** RECORDS PROVIDED follows **

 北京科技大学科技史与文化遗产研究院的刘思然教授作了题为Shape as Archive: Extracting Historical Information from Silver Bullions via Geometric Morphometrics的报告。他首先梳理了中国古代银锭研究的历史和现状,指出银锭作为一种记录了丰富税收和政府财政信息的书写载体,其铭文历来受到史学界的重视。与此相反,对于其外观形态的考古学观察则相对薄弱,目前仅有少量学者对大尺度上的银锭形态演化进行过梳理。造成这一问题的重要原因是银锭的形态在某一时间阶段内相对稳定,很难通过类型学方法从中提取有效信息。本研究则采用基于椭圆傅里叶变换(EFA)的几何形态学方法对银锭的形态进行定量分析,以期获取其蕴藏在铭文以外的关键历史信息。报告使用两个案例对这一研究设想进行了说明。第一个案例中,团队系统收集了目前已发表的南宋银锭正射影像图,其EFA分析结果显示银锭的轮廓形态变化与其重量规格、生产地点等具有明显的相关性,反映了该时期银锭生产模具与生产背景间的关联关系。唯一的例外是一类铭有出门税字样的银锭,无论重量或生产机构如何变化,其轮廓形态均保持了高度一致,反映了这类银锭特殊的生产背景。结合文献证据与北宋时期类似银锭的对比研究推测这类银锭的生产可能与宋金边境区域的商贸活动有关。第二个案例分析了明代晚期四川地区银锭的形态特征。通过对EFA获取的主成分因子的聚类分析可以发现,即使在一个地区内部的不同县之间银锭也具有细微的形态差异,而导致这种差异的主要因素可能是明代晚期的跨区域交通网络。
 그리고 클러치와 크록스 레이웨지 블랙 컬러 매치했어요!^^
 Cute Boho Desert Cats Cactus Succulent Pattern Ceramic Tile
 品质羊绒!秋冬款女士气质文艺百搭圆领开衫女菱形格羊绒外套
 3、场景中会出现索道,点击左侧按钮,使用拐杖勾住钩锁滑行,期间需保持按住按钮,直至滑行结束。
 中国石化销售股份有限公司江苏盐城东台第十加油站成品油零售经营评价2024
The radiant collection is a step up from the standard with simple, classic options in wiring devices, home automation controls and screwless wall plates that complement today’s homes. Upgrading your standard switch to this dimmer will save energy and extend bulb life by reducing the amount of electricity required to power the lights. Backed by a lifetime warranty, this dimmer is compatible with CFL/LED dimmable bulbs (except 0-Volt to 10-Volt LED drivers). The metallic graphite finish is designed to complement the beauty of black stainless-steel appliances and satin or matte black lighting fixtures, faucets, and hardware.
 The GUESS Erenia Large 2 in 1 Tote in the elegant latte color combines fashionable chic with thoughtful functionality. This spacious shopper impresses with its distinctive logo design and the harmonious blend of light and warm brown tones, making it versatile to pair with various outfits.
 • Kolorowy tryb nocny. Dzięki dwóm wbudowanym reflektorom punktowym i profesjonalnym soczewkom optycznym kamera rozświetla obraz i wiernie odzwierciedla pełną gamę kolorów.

** End of RECORDS PROVIDED **

### TASK STATEMENT
Return all the data above, unaltered and complete.

### TASK RESULT
 北京科技大学科技史与文化遗产研究院的刘思然教授作了题为Shape as Archive: Extracting Historical Information from Silver Bullions via Geometric Morphometrics的报告。他首先梳理了中国古代银锭研究的历史和现状,指出银锭作为一种记录了丰富税收和政府财政信息的书写载体,其铭文历来受到史学界的重视。与此相反,对于其外观形态的考古学观察则相对薄弱,目前仅有少量学者对大尺度上的银锭形态演化进行过梳理。造成这一问题的重要原因是银锭的形态在某一时间阶段内相对稳定,很难通过类型学方法从中提取有效信息。本研究则采用基于椭圆傅里叶变换(EFA)的几何形态学方法对银锭的形态进行定量分析,以期获取其蕴藏在铭文以外的关键历史信息。报告使用两个案例对这一研究设想进行了说明。第一个案例中,团队系统收集了目前已发表的南宋银锭正射影像图,其EFA分析结果显示银锭的轮廓形态变化与其重量规格、生产地点等具有明显的相关性,反映了该时期银锭生产模具与生产背景间的关联关系。唯一的例外是一类铭有出门税字样的银锭,无论重量或生产机构如何变化,其轮廓形态均保持了高度一致,反映了这类银锭特殊的生产背景。结合文献证据与北宋时期类似银锭的对比研究推测这类银锭的生产可能与宋金边境区域的商贸活动有关。第二个案例分析了明代晚期四川地区银锭的形态特征。通过对EFA获取的主成分因子的聚类分析可以发现,即使在一个地区内部的不同县之间银锭也具有细微的形态差异,而导致这种差异的主要因素可能是明代晚期的跨区域交通网络。
 그리고 클러치와 크록스 레이웨지 블랙 컬러 매치했어요!^^
 Cute Boho Desert Cats Cactus Succulent Pattern Ceramic Tile
 品质羊绒!秋冬款女士气质文艺百搭圆领开衫女菱形格羊绒外套
 3、场景中会出现索道,点击左侧按钮,使用拐杖勾住钩锁滑行,期间需保持按住按钮,直至滑行结束。
 中国石化销售股份有限公司江苏盐城东台第十加油站成品油零售经营评价2024
The radiant collection is a step up from the standard with simple, classic options in wiring devices, home automation controls and screwless wall plates that complement today’s homes. Upgrading your standard switch to this dimmer will save energy and extend bulb life by reducing the amount of electricity required to power the lights. Backed by a lifetime warranty, this dimmer is compatible with CFL/LED dimmable bulbs (except 0-Volt to 10-Volt LED drivers). The metallic graphite finish is designed to complement the beauty of black stainless-steel appliances and satin or matte black lighting fixtures, faucets, and hardware.
 The GUESS Erenia Large 2 in 1 Tote in the elegant latte color combines fashionable chic with thoughtful functionality. This spacious shopper impresses with its distinctive logo design and the harmonious blend of light and warm brown tones, making it versatile to pair with various outfits.
 • Kolorowy tryb nocny. Dzięki dwóm wbudowanym reflektorom punktowym i profesjonalnym soczewkom optycznym kamera rozświetla obraz i wiernie odzwierciedla pełną gamę kolorów.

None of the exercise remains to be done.